Troubleshooting "no space left on device" or filesystem full errors
Filesystems on the Checkmk Appliance can fill up for expected reasons or due to misconfiguration. This guide helps identify the cause and suggests solutions.
APPLICABLE TO ALL CHECKMK APPLIANCES
Problem
There are various reasons why a filesystem on the Checkmk Appliance may fill up. The first step is to identify which filesystem is affected, as each filesystem serves a different purpose and requires a different approach.
You should usually start by checking the Checkmk site running on the appliance itself. Since the appliance monitors its own resources, it often provides a quick overview of the current situation.
On a typical Checkmk Appliance, you will see the following filesystems (filesystems ending in /tmp can be ignored):
//ro/rw/omd
The first three filesystems (/, /ro, /rw) should never fill up during normal operation. The /omd filesystem, however, can grow over time depending on the number of sites, hosts, services, and stored monitoring data.
Identifying disk usage
To get an overview of disk usage on the appliance, log in via SSH and run:
root@myappliance~$ df -hl -x tmpfs
Example output:
Filesystem Size Used Avail Use% Mounted on
udev 7,8G 0 7,8G 0% /dev
/dev/sdc2 219G 1,8G 217G 1% /ro
/dev/disk/by-label/mk-rw 3,9G 3,9G 0G 100% /rw
overlay 3,9G 3,9G 0G 100% /
efivarfs 304K 79K 221K 27% /sys/firmware/efi/efivars
/dev/md0p2 435G 22G 414G 5% /omdIn this example, both / and /rw are at 100% usage.
As / is mounted as an overlay filesystem, ignore it for this guide, the physical disc utilization is at /rw/ and can only be cleaned up there.
Finding what consumes disk space
Once you know which filesystem is full, you need to identify the files or directories consuming the most space.
We start from /rw/ to search for the big file. Use du -sh to inspect disk usage:
root@myappliance~$ du -sh /rw/*
root@myappliance~$ du -sh /rw/overlay-rw/*
root@myappliance~$ du -sh /rw/overlay-rw/mnt/*
root@myappliance~$ du -sh /rw/overlay-rw/mnt/static/*These commands list the size of all directories one level below the specified path. This example is one of likeliest, where a broken mount ends up filling /rw/.

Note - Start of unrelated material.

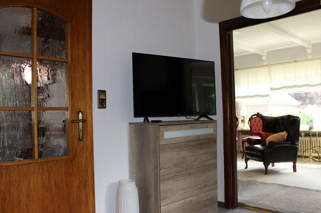 Das Ferienhaus Leevke bietet Platz für bis zu 6 Personen. Im Erdgeschoss befindet sich der Eingangsbereich mit Garderobe. Vom Flur aus gelangen Sie in das TV Zimmer mit gemütlicher Couch. Vom hier aus geht es in das große Wohnzimmer mit rustikalem Ambiente und Teppichboden. Auf den roten im altostfriesischen Stil gemachten Stühlen kann man sehr gut entspannen und gemütlich Ostfriesentee trinken. Der vorhandene Kamin darf aus brandschutztechnischen Gründen nicht benutzt werden! Des Weiteren befindet sich im Erdgeschoss die im ostfriesischem Stil gehaltene Echtholzküche mit Tresen und Sitzplätzen. Die Küche ist komplett eingerichtet. Geschirr und Gläser sind reichlich vorhanden und sind zum Teil Sammelstücke. Angrenzend zur Küche ist das Esszimmer im Wintergarten. Die Sicht in den Garten ist wunderschön. Durch eine Tür gelangen Sie in den großen uneinsehbaren Garten. Dieser bietet einen Aussenkamin, eine überdachte Terrasse mit einer Sitzgarnitur für 6 Personen und einen Steingrill. Zudem ist der Garten ein Spielparadies für Kinder. Das Haus hat im EG ein geräumiges modernes Bad mit Duschpaneel mit Seitendrucksprüher und ein separates WC. Im Obergeschoss haben Sie drei Schlafräume, eines mit Doppelbett 200 x 200cm und zwei weitere mit jeweils 2 Einzelbetten 90 x 200cm. Ein Bad mit Dusche und WC finden Sie ebenfalls auf dieser Etage. WLAN ist verfügbar!

Identify the largest directories and continue drilling down until you find the files responsible for the disk usage.
Examples
A full filesystem can cause scheduled maintenance tasks to fail. Typical error messages include:
/etc/cron.daily/dpkg
cp: error writing 'dpkg.status': No space left on device
gzip: .//dpkg.status.0.gz: No space left on device
mv: cannot stat './/dpkg.status.0.gz': No such file or directory
/etc/cron.daily/logrotate
/etc/cron.daily/logrotate:
error: Compressing program wrote following message to stderr when compressing log /var/log/apache2/ssl_access.log.1:
gzip: stdout: No space left on device
error: failed to compress log /var/log/apache2/ssl_access.log.1
run-parts: /etc/cron.daily/logrotate exited with return code 1
/etc/cron.daily/man-db
gdbm fatal: read error
run-parts: /etc/cron.daily/man-db exited with return code 1These errors indicate that routine background jobs cannot write temporary or compressed files due to insufficient disk space.
Possible solutions
Cleanup
For additional cleanup steps, refer to the documentation:
How to remove custom changes to files in the appliance
If you have identified large files or directories, verify the following:
Possible failed mounts, typically located under
/rw/overlay-rw/mnt/Verify that the source works and is accessible
Clean up the local files and re-mount the share
Verify successful mount
If a log file is growing extensively
Is debug logging enabled?
Is a script writing excessive log output?
Is an application repeatedly crashing and logging errors?
Any other place will most likely be an unsupported modification of the Appliance firmware. Refer to the link above on how to remove them.
Resize
It is normal for the /omd filesystem to grow over time. If cleanup does not free sufficient space, resizing may be required.
Currently, there is no online resizing option for the Checkmk Appliance. Expanding disk space requires setting up a new appliance and migrating existing sites.
Virtual appliance
Create a new appliance.
Before the first boot, resize the second disk to a sufficient size.
Boot and configure the appliance.
After the basic setup is complete, migrate your sites from the old appliance as described in the migration documentation.
Physical appliance
The process is technically similar. However, physical appliances are available only in fixed sizes.
If you are already using the larger rack5 model, no further resizing is possible.
Werk 9295
With Werk #9295, the default size of the /rw filesystem was increased from 800 MB to 4 GB.
To use the larger /rw filesystem, follow these steps:
Update to the latest 1.4 Firmware
Create a backup of the appliance as described in Configuring and using the appliance.
Reset the appliance to the factory settings.
Restore the backup.
After completing these steps, the /rw filesystem will have a size of 4 GB.